The ESCC cell lines were seeded in chamber slide (NUNC Lab-TekTM, Denmark) and incubated in RPMI 1640 or DMEM medium at 37 °C in a humidified atmosphere of 5% CO2 for 1 night. The ESCC tissues were fixed as previously described [47] and embedded in tissue-freezing medium (Leica, Germany) and stored at −20 °C. Tissue sections of 5 μm were made with freezing microtome (Leica, Germany). The immunofluorescence staining for ESCC cells and tissue were performed as previously described [47]. Samples were observed using a confocal microscope (Nikon, Japan).

Transient transfection and establishment of stable cell lines

For transient transfection of ESCC cell lines, si-LPCAT1 RNAs and negative control RNAs were synthesized (GenePharma, Shanghai, China) and transfected into cells using the Lipofectamine 2000 Kit (Thermo Fisher, CA, USA) according to the manufacturer’s instructions. The sequences of siRNA are listed in Supplementary Table 2. The cells were harvested for western blot after a 48-h transfection. To produce cell lines with a stable expression of the LPCAT1 knockdown construct, TE1 and EC9706 cells were infected with shLPCAT1 or shNC viruses. The shLPCAT1 lentiviral particles was prepared by selecting the siRNA sequence—from among two si-LPCAT1 RNAs—that could efficiently knock down LPCAT1 expression.
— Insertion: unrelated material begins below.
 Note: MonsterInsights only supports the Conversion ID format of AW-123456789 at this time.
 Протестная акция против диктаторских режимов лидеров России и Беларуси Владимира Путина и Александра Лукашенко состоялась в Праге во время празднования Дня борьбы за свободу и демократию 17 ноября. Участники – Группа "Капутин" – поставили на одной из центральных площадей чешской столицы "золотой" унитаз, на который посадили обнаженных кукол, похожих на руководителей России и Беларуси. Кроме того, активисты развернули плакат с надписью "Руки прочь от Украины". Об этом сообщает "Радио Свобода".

After selection with puromycin, cells with stable transfection were used for further experiments.

Cell Counting Kit-8 (CCK8) assays

Transient transfection of ESCC cells were seeded in 96-well flat-bottomed plates with each well containing 2000 cells in 100 μl of culture medium. A volume of 10 μl CCK-8 solution was added to each well and incubated at 37 °C for 2 h at 24, 48, and 72 h. The absorbance at 450 nm of the experimental wells were measured using an automatic microplate reader (Tecan, Switzerland).
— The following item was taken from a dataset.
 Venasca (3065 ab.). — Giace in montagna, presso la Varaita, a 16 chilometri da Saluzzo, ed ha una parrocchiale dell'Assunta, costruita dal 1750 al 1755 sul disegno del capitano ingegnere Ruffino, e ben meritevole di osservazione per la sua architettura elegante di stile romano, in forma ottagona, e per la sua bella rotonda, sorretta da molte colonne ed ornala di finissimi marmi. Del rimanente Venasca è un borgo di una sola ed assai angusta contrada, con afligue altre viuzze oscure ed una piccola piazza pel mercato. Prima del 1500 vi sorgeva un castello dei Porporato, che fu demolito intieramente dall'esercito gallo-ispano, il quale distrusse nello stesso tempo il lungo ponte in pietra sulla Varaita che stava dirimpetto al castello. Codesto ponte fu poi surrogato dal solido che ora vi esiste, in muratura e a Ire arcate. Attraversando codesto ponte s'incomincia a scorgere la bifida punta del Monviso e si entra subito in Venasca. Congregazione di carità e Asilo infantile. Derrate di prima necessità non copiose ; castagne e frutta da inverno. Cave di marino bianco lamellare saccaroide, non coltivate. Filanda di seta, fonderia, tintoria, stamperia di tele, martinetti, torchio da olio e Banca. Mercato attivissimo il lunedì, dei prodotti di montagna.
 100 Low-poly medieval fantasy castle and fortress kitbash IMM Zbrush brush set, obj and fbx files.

Clonogenic assay and soft agar assay

For the clonogenic assay, 500 cells were seeded in a 6-well plate for 2 weeks. Cell colonies were fixed with 4% paraformaldehyde and stained with 0.1% crystal violet, and the stained colonies were imaged and then manually counted. Soft agar assay was performed as previously described [47]. After 21-day culture, the colonies of tumor cells were imaged and counted. The size of 20 randomly selected colonies per well was measured and calculated using the formula: (length + width)/2.

Transwell assay

Transwell assay was used for the migration and invasion assessments. A total of 1 × 105 cells were resuspended in 200 μl DMEM without FBS and seeded in the upper chamber of a Transwell insert in a 24-well plate (NEST, WuXi, China). The lower chambers contained DMEM with 20% FBS. After 24 and 48 h incubation, cells on the bottom surface of the membrane were fixed and stained with 0.1% crystal violet. Meanwhile, cells on the upper surface of the inserts were then removed by scraping the inserts with a cotton swab. Migration was assessed by counting the number of penetrated cells in five random fields. Matrigel invasion assays were performed using Matrigel-coated Transwell inserts following the same procedure described above [48].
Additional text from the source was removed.